Wu Shoukang, head of research of Guotai Jun'an Securities, said the government may invest in troubled SOEs in order to clear their debts before introducing strategic investors.

The government's plan was announced shortly after Sino-Pharm Medicine Holding Co, the country's largest pharmaceutical group, acquired 43.33 percent shares of the listed Shenzhen Accord Pharmaceutical Co from Shenzhen Investment Management Co, which has represented the government to manage the SOEs.

It won the deal in a heated contest with more than 37 competitors. After acquisition, Sino-Pharm will merge its Guangzhou company into Accord to make the listed company the largest pharmaceutical company in South China.

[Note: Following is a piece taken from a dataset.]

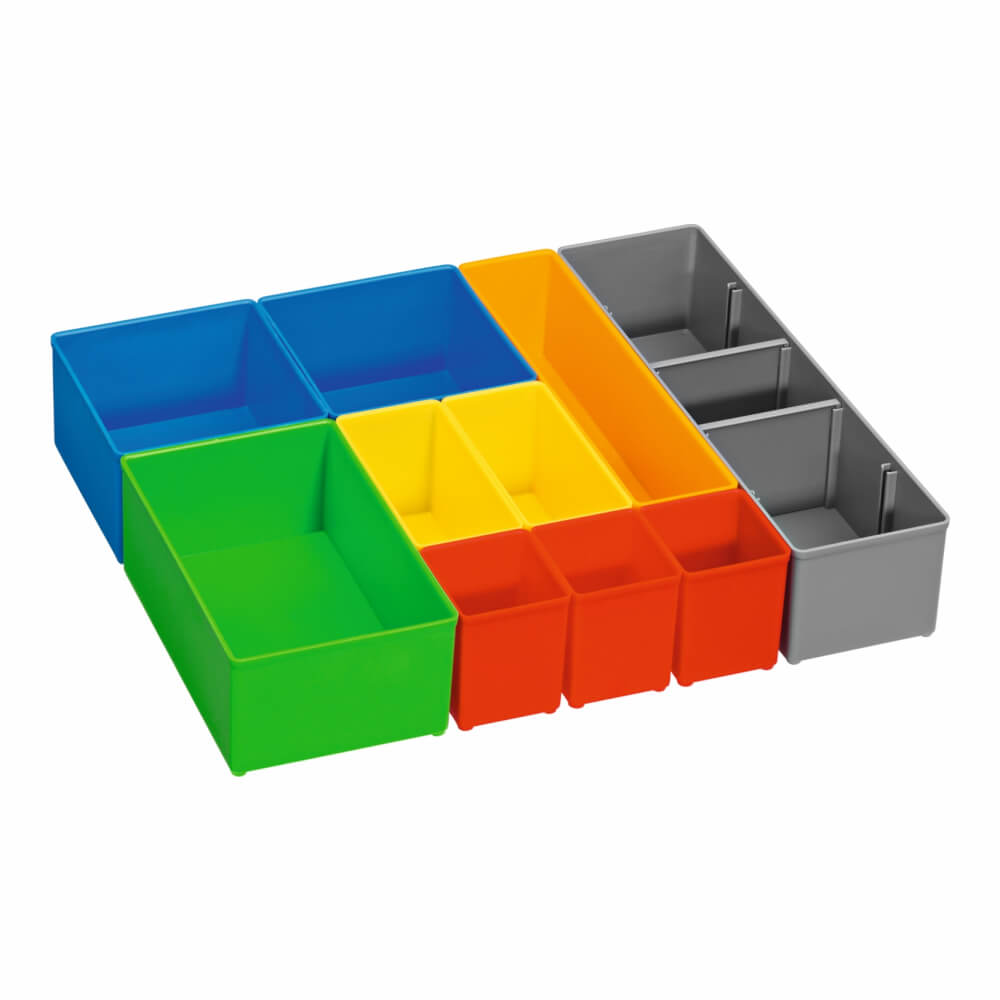 Designed for use with the Bosch Click & GO storage system. This Bosch ORG72-10 set features 10 modular organizers--in different shapes and sizes. These are designed for keeping items neatly stored and easy to find. Use the optional organizers to store bits, blades, fasteners, hand tools and more. The ORG72-10 10-piece set makes a useful addition to L-BOXX-1 storage case and/or the i-BOXX-72 storage tray (sold separately).

Sino-Pharm also promised to set up a medicine manufacturing base in Shenzhen with 80 million yuan (US$9.64 million) to improve Accord's manufacturing capacity.

"The government requires that strategic partners of its SOEs should be strong in the global or domestic market, should improve the quality of these SOEs and help optimize Shenzhen's existing industrial structure," said He.

However, some of the listed SOEs, including Shenzhen Zhenye, Shenzhen Real Estate Development and Shenzhen Property and Shenzhen Textile, issued statements last week saying they are not yet in negotiations with any firms over share transfers.